We stopped walking, utterly surprised to be suddenly addressed like that in the middle of nowhere and in a foreign country to boot. Eric recovered first. He said, “Quite well, do you know it?”

“Oh yes, I was a student there. Two years ago, I attended the, he paused as though searching for a word, College of Further Education.” “My father said I must go there to improve my English because I will be the boss at the Gasthof when he retires.” “You know the Gasthof.”

It was a statement not a question and it was only too true, we knew the Gasthof. Every evening after dinner we would go along and drink beer there and chat about the trips we had made that day, what we had done in our free-time and inevitably, the attractions of the girls we’d seen along the way. At the Gasthof the locals largely ignored us, except for Wilhelmina, the barmaid, who cheerily sold us the beer even though she must have known we were underage – or at least we would have been in England. Here in the Rhineland, maybe in all of Germany for all we ignoramuses knew, fifteen-year olds could drink beer freely.

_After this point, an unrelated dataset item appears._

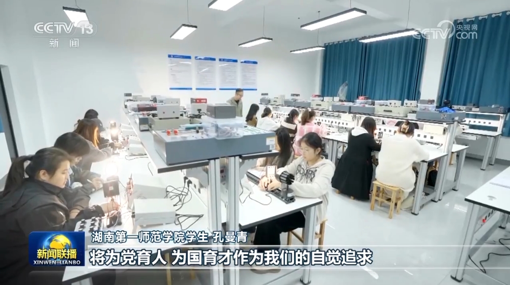 國(guó)家要強(qiáng)大,必須辦好教育。湖南第一師范學(xué)院每年為教學(xué)一線培養(yǎng)近2500名畢業(yè)生,其中超九成扎根在農(nóng)村學(xué)校,F(xiàn)場(chǎng)聆聽總書記的講話后,師生們表示,要在實(shí)踐中傳承紅色基因,擔(dān)負(fù)起培養(yǎng)時(shí)代新人的重要使命。

And it wasn’t that she didn’t know that we were still at school because during the day we had to traipse about wearing our uniform blazers and in any event, the village was so small that everyone knew who we were.

The village was, and I suppose still is, called Nieder Heimbach. Nieder means lower. You’ll not be very surprised to learn then that much higher up the valley, Ober Heimbach lorded it over us and over the village between us, Mittel Heimbach. The inhabitants of these villages, though eternally locked together by nomenclature, citizenship and language, had a habit of regarding themselves as living almost in separate States and seemed to radiate a sort of amused contempt for their Lower, Upper or Middle neighbours. Oddly enough though, their attitude to actual foreigners, to us anyway, was friendly, we were greeted, as was the habit in that Catholic region, with a cheerful Gruss Gott wherever we went. But to be greeted in English and to be asked about a place so utterly without attraction for tourists or even for Brits who hadn’t been born there was, shall I say, surprising.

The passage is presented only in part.